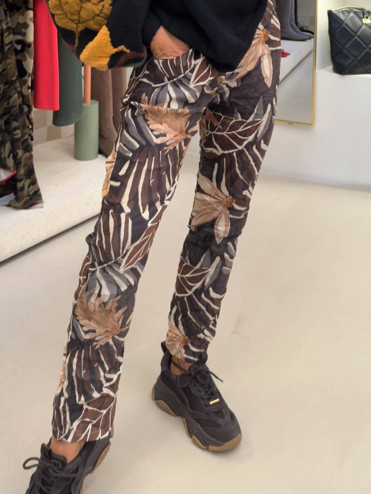 Calça elástica com estampa texturizada e cós elástico. Bolsos laterais e traseiros. Composição: 95% poliéster, 5% elastano.
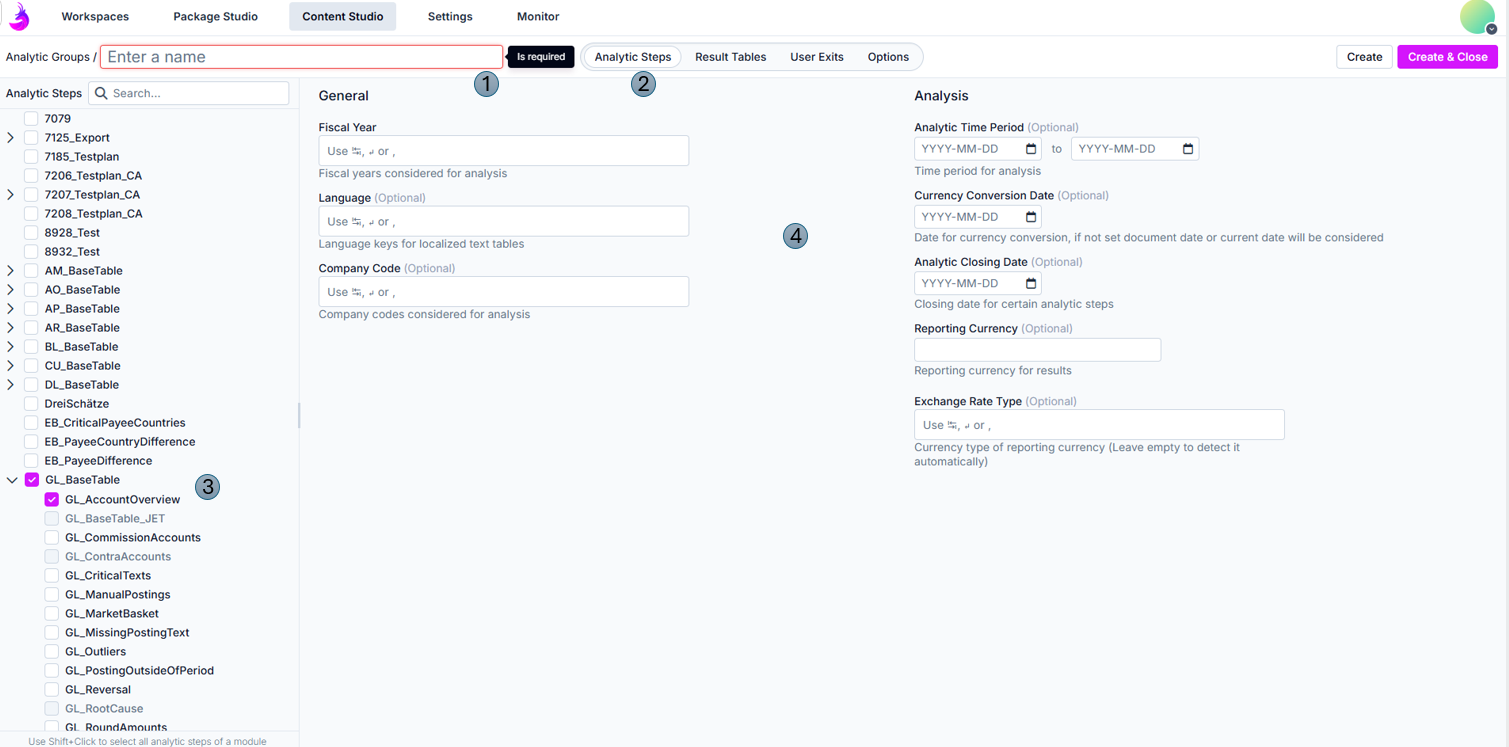 You can create an Analytic Group by clicking on Content Studio > Analytic Groups and on + Analytic Group:
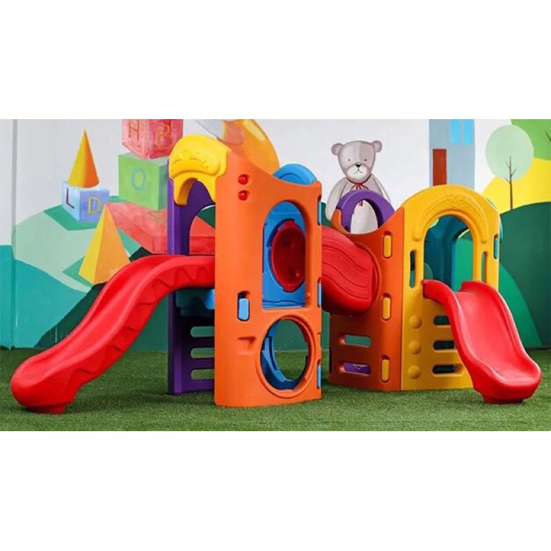Playground yng menyenangkan untuk anak dengan 2 perosotan dan terowongan
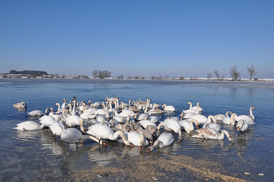 Птахи прилетіли сюди ще восени і, певно, відлетять навесні, коли потепліє. Адже влітку останніх років десять, кажуть, тут постійно гніздиться пара білосніжних лебедів і більше нікого з лебединої родини сюди в цю пору не підпускає.
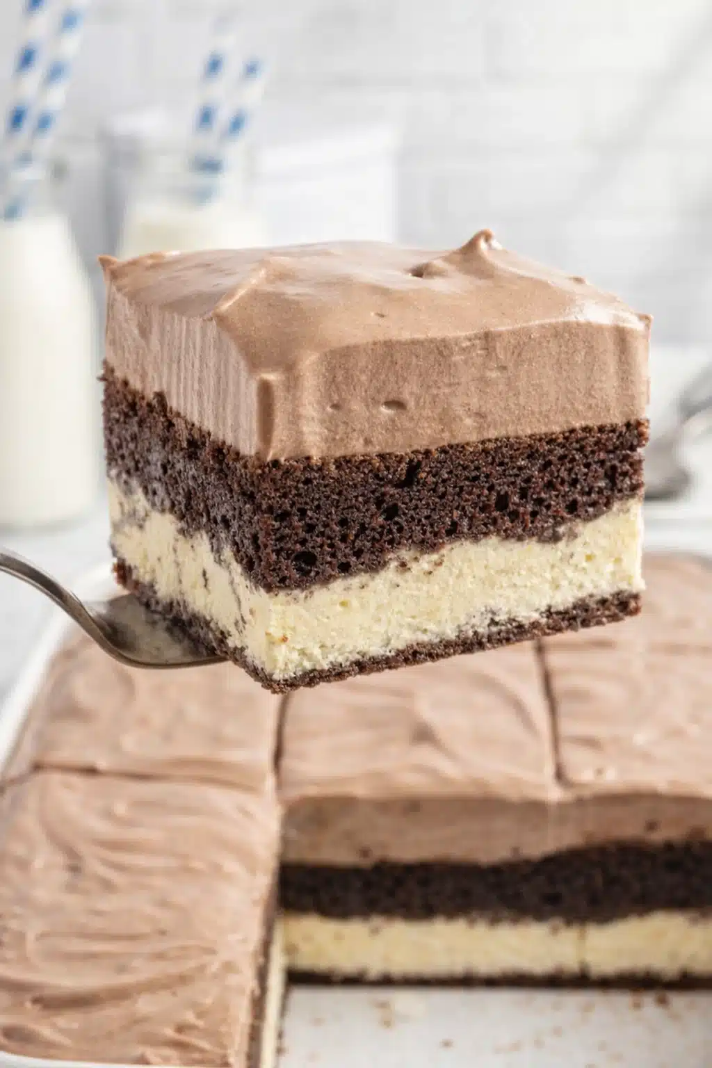 Love Cake is a layered dessert that beautifully combines rich chocolate cake, creamy ricotta, and a cloud-like pudding topping. During baking, the ricotta layer gently sinks through the batter, creating a custard-like base beneath the moist cake. Once chilled and frosted, it’s a Valentine’s dream—sweet, creamy, and melt-in-your-mouth perfect.
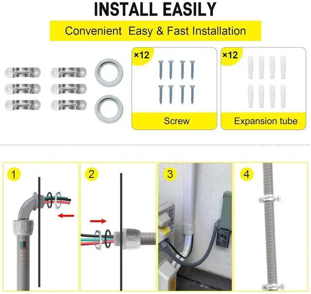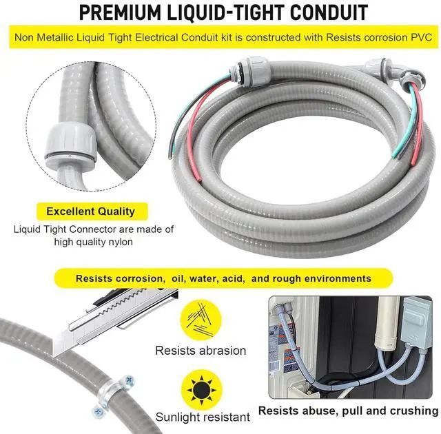 Wide Application-This A/C Whip Assembly Kit is Air condition unit hook upheat pumps, pools, spas, outdoor lighting, motors, controls, solar panels, generator sets, ductless mini split ac/heating system and other exterior applications.

TRY IT
Would you print exactly the lines in the listing above, from the line bearing "You can create" through the line bearing "Playground yng menyenangkan", leaving out all pictures?

ANSWER TO THIS EXERCISE
 You can create an Analytic Group by clicking on Content Studio > Analytic Groups and on + Analytic Group:
Playground yng menyenangkan untuk anak dengan 2 perosotan dan terowongan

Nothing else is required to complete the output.